Death of Anthony Avalos: Pediatrician says boy was ‘skin and bones’ when he arrived at UCLA Mattel Children’s Hospital

LOS ANGELES (CNS) — A pediatrician at UCLA Mattel Children’s Hospital testified Monday that a Lancaster boy who died from alleged physical abuse at the hands of his mother and her boyfriend was extremely malnourished when he arrived at the hospital, describing him as “skin and bones.” .

dr Andranik Madikians told the court that almost all of 10-year-old Anthony Avalos’ organs were failing when he arrived. He said his eyes were sunken and his body was bruised and burned.

A CT scan showed bleeding and swelling of the brain. Madikians was one of two doctors who testified Monday that the trauma to Anthony’s brain resembled “Shaken Baby Syndrome.”
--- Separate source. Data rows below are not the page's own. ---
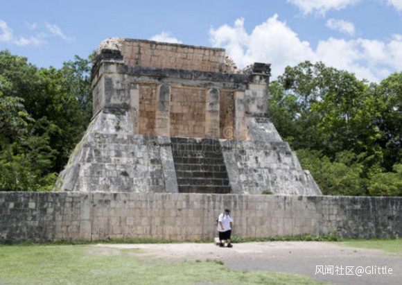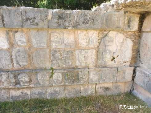 看出來了嗎,它確實不是巨石塊碼的,它的內部有大量的磚頭大小的碎石,外面貼上石板,乍一看上去還挺唬人的。至於奇琴伊察其他的石造建築,也有圖片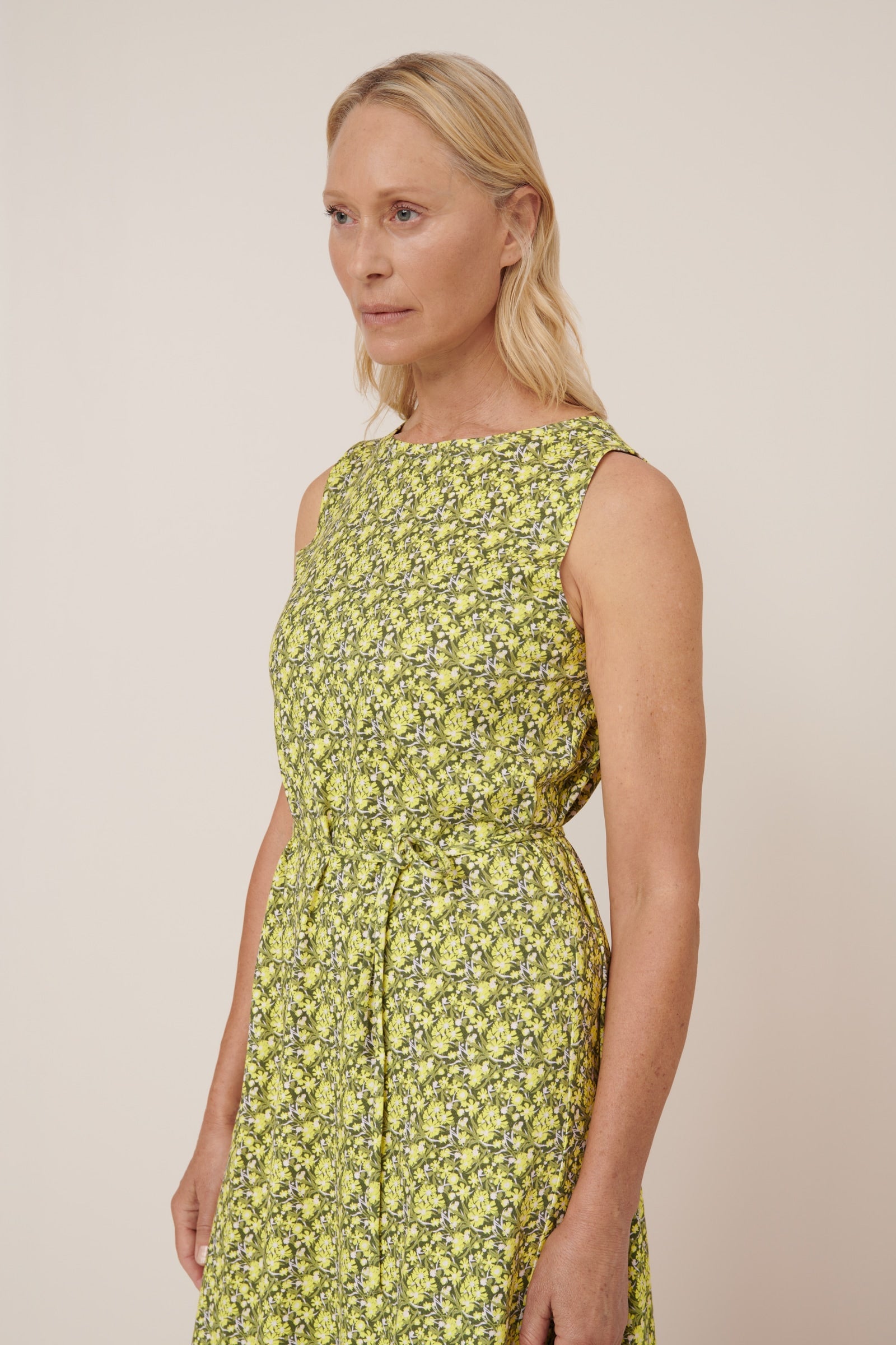 The Flora Dress is a relaxed, easy-wear style designed with an a-line shape for a comfortable, off the body fit. A printed version of our Tank Swing Dress, it falls to ankle length and features our signature twisted side seams. Made from midweight organic cotton jersey and printed in our hand-drawn Flora print. It can be worn loose or cinched in at the waist with the narrow, self-fabric tie.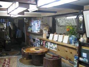 ◇福田屋旅館 福田屋の前には踊り子の座像がありました。 当然ながら旅館は古い建物ですが、今でも営業されています。 ロビーを見学させていただきましたが、「伊豆の踊子」にまつわる資料や、川端康成自筆の書が展示されていました。 川端康成が泊まった部屋は2階にあり、この部屋で「私」は「踊り子の今夜が汚れるのであろうか」と悩ましい夜を過ごしたわけです。
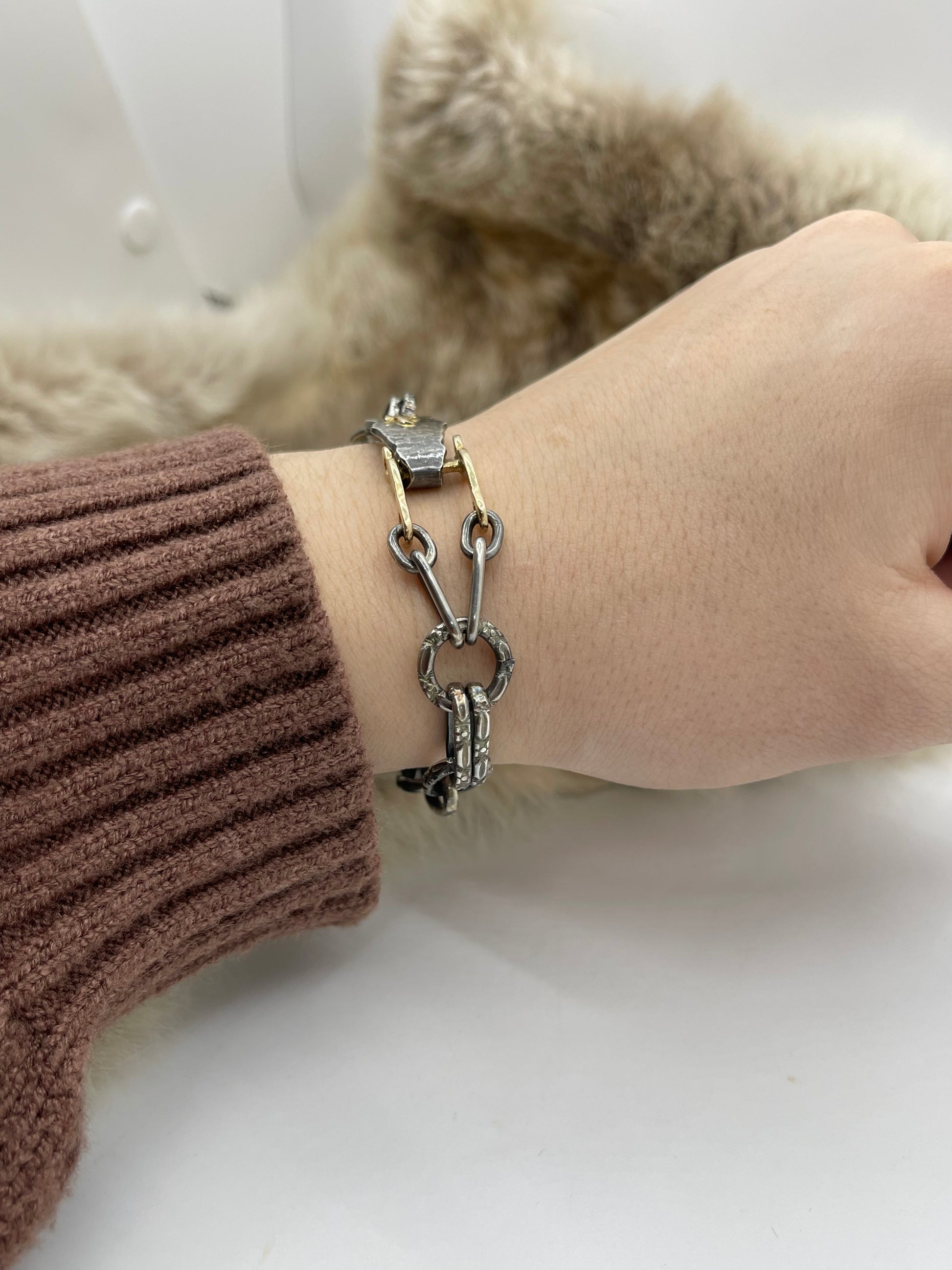 This stunning bracelet combines the warmth of 14k gold with the timeless elegance of sterling silver in a design inspired by the iconic "Long Trot" aesthetic. Crafted by Bad Bronc, this 7.75" piece showcases masterful metalwork that blends two precious metals for a sophisticated look that transitions seamlessly from everyday wear to special occasions. The mixed-metal design offers versatility while the quality construction ensures lasting beauty. A perfect statement piece for those who appreciate artisan craftsmanship and refined style.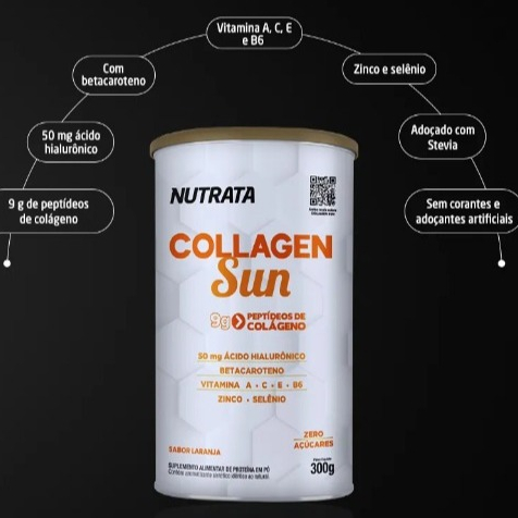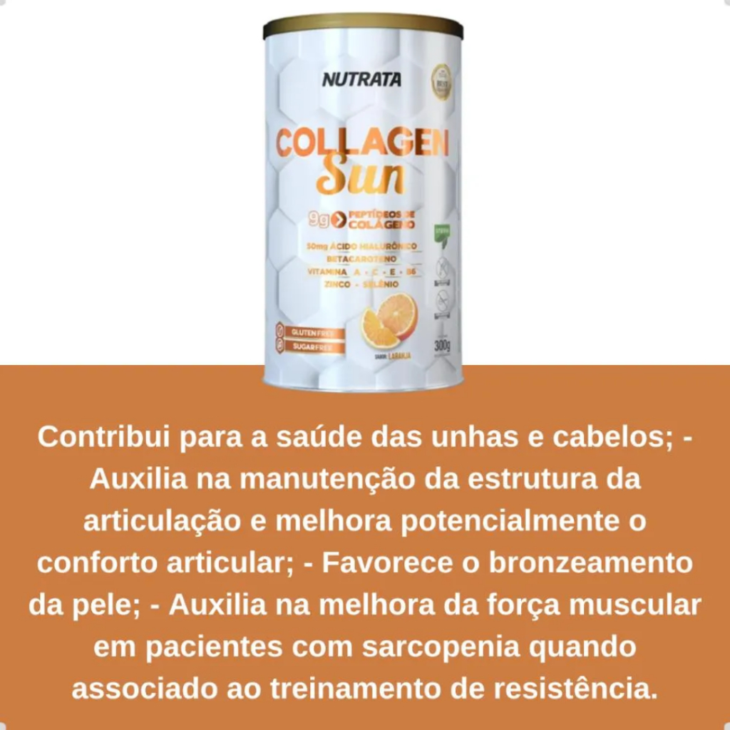 Collagen Sun Colageno 300g Laranja - Nutrata - Com Acido Hialuronico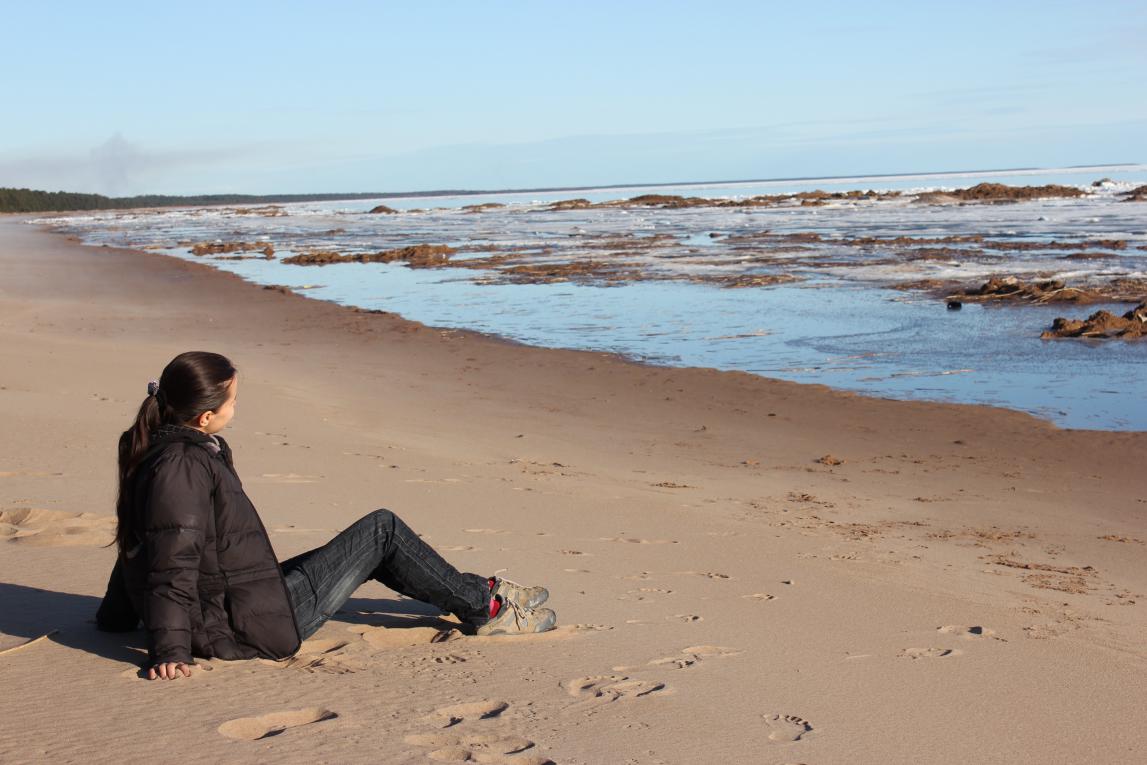 А ещё мы побывали на "побережье" Ладожского озера. У берега озеро ещё заполнено плавучими мини-айсбергами. Мы походили босиком по песку, подурачились и сделали серию потрясающих снимков: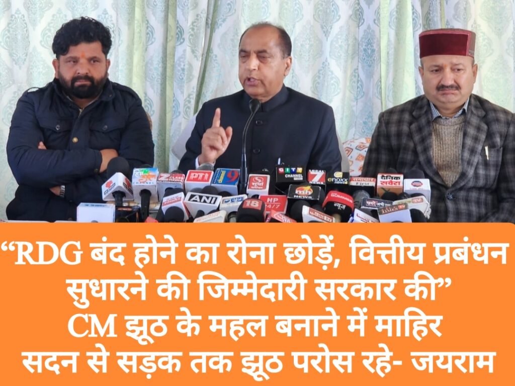 “RDG बंद होने का रोना छोड़ें, वित्तीय प्रबंधन सुधारने की जिम्मेदारी सरकार की”, CM झूठ के महल बनाने में माहिर, सदन से सड़क तक झूठ परोस रहे- जयराम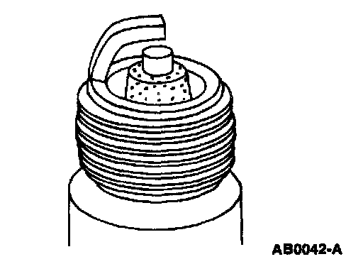 ^ Check for wet, black deposits on the insulator shell bore electrodes, caused by excessive oil entering the combustion chamber through worn rings and pistons, excessive valve-to-guide clearance or worn or loose bearings.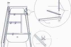 Un cadre est assemblé sur lequel repose le fond. Dans certains cas, il est soudé et ne nécessite pas d'assemblage. Le cadre est posé sur le fond de la baignoire inversée jusqu'à ce que rien ne soit fixé. Il est exposé exactement, car il doit être attaché.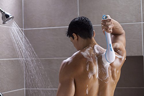 -. Feature : Requires 3 AA batteries - batteries not included / Includes five attachments: microderm, massage, brush, pumice and cleansing head & requires 3 AA batteries / Long handle makes reaching your back and lower legs easier / Fills with soap: works with your favorite soap or body wash for every day cleaning / Helps promote healthier, younger looking skin and instantly soothes tired achy muscles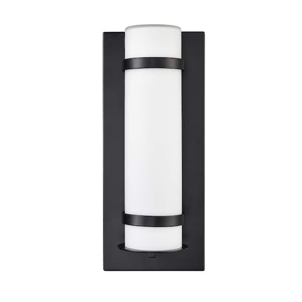 14 in. Wide 1-Light Powder Coated Black Hardwired Integrated LED Outdoor Cylinder Wall Sconce with White Glass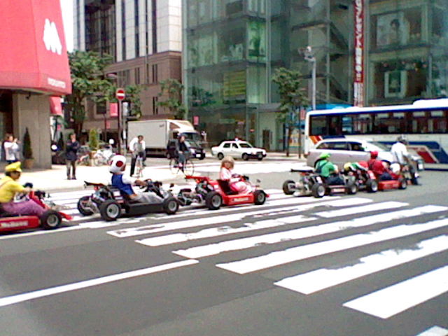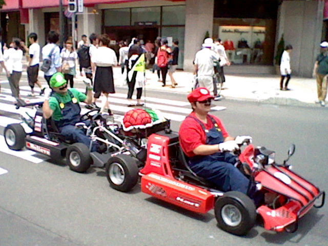 ちなみに残念ながら写真上からは見切れてしまっているが、集団は前から順にマリオ・ルイージ・ピーチ・キノピオ・ワリオ・ワルイージと、総勢6人の編成になっておりました。先月の記事からさらにひとり増えてんのな(笑)、つーかヨッシーコスがいなかったってワケか。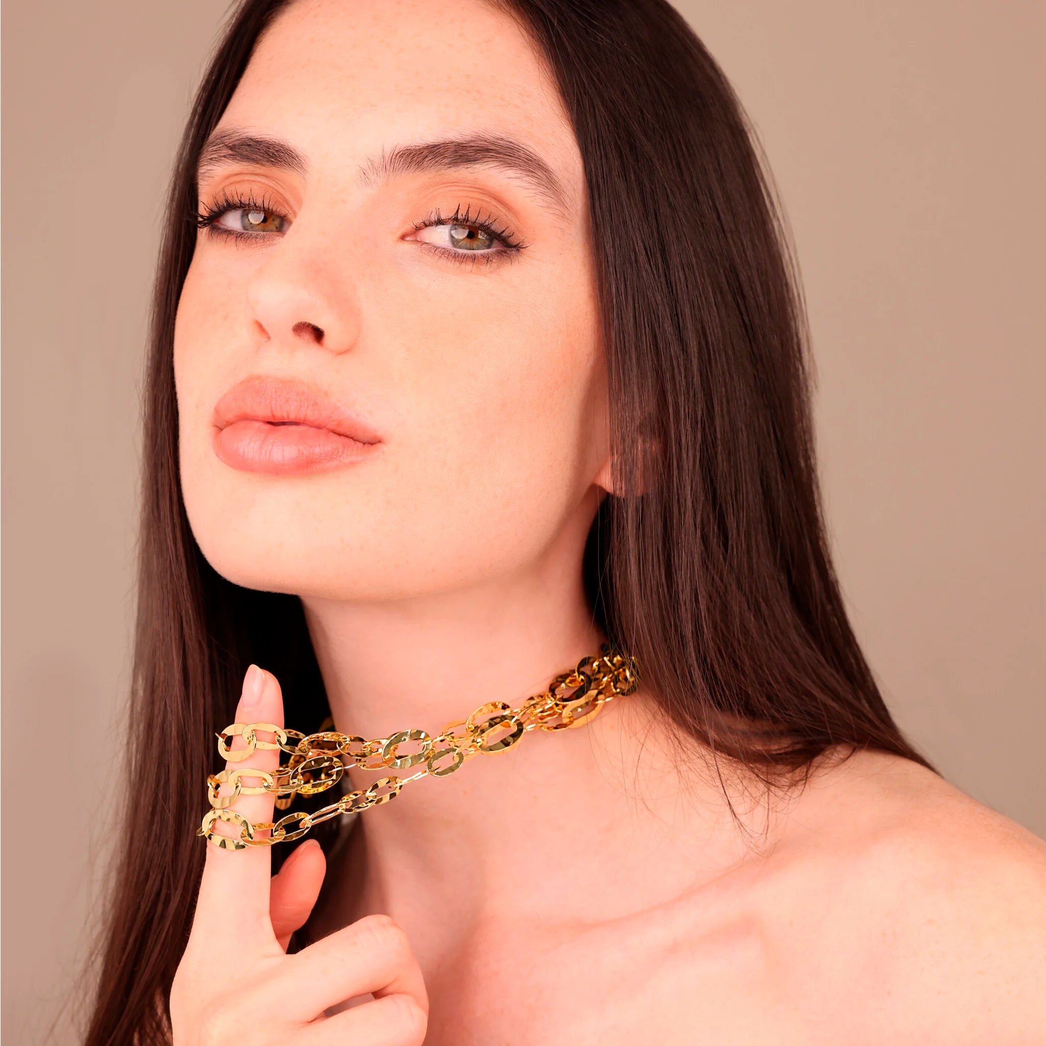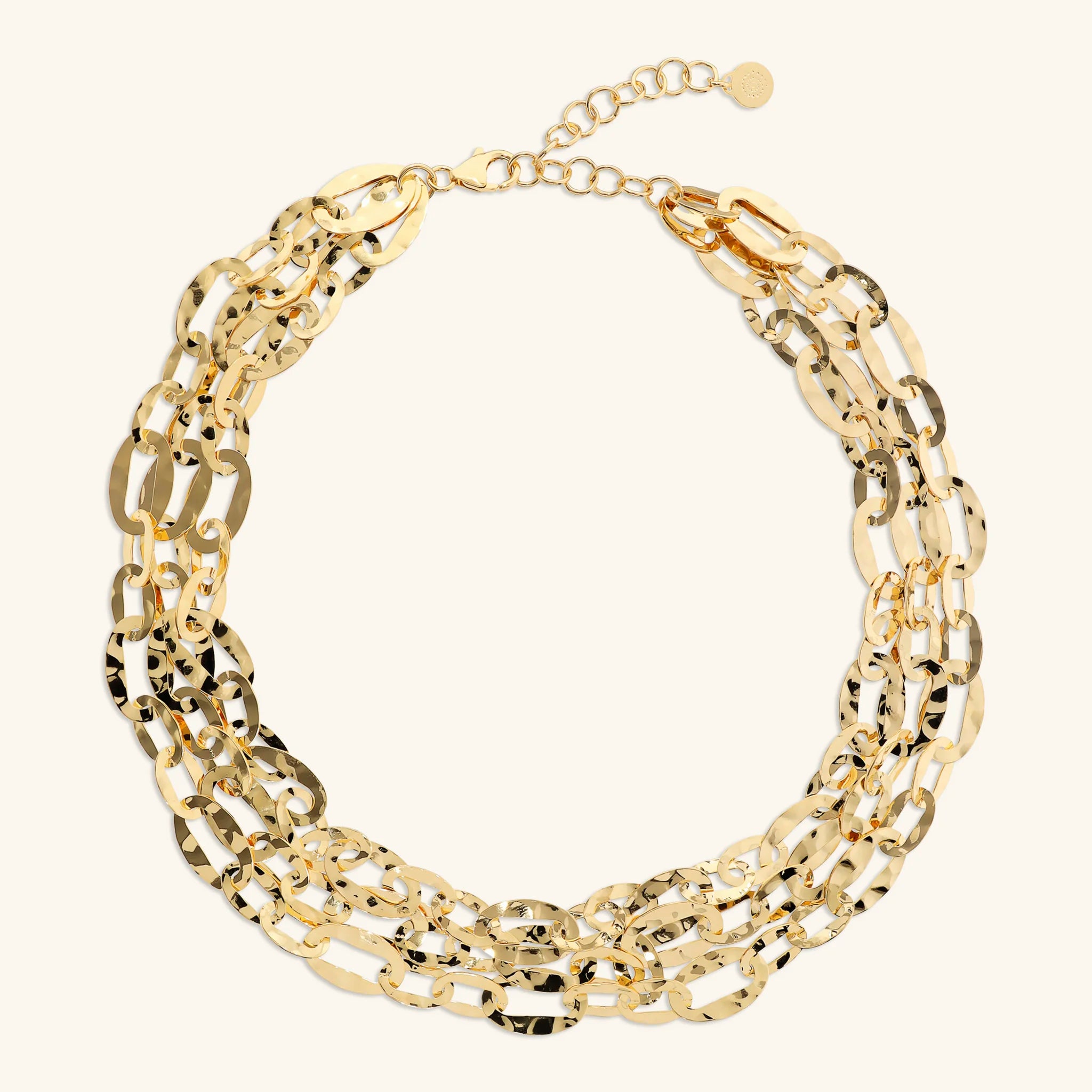 Etrusca Gioielli multi-strand choker necklace made of Golden alloy, plated with 18kt yellow gold or rhodium, with finely hammered oval links. Lobster clasp.

Earlier Monday, a detective said that when detectives searched the Lancaster flat where the boy was found dead, they found a corner where the carpeting had been pulled up.

Anthony’s siblings testified that there they were forced to kneel on uncooked rice while holding weights, sometimes for hours – often until their knees bled.

Priscilla Cabunoc, a nurse at UCLA’s Mattel Children’s Hospital, told Los Angeles Superior Court Judge Sam Ohta that she saw hundreds of sick or injured children die while at work and that Heather Maxine Barron, the mother of the deceased Anthony, one of the fatalities were few who were not present in the hospital room when the child died.

In the other cases, the parents were not in the area or could not be present for legitimate reasons, Cabunoc said.

The nurse testified that Barron spent about 10 minutes with her son before his death and then asked if she could be excused into the waiting room. Barron spoke with a slur and her concern for her son appeared to be fake, according to Cabunoc.

“It looked to me like she was forcing herself to have some emotion,” Cabunoc said.

None of the boy’s relatives were present when he died, although one of his aunts entered his room a short time later, Cabunoc said. According to Cabunoc, Barron didn’t return to the room until about an hour and 15 minutes later.

Barron, now 33, and her ex-boyfriend Kareem Ernesto Leiva, now 37, are each charged with murder and torture in connection with Anthony’s death in June 2018, along with two counts of child abuse involving two of the boy’s half – Siblings identified in court only as “Destiny O.” and “Rafael O.”

The number of murders includes the allegation of circumstances surrounding the murder involving the use of torture. Because of the objection of Assistant District Attorney Jonathan Hatami, the Los Angeles County Attorney’s Office dropped its motion for the death penalty against the two following the election of District Attorney George Gascon in 2020, who issued a directive that “a death sentence is never an adequate resolution.” In any case.”

Barron and Leiva now face a maximum of life in prison without the possibility of parole if convicted as charged.

In another testimony, Helen Withers, a forensic services nurse at Antelope Valley Medical Center, told the judge that her facility was the first the boy was taken to and that he was apparently malnourished and had bruises all over his body.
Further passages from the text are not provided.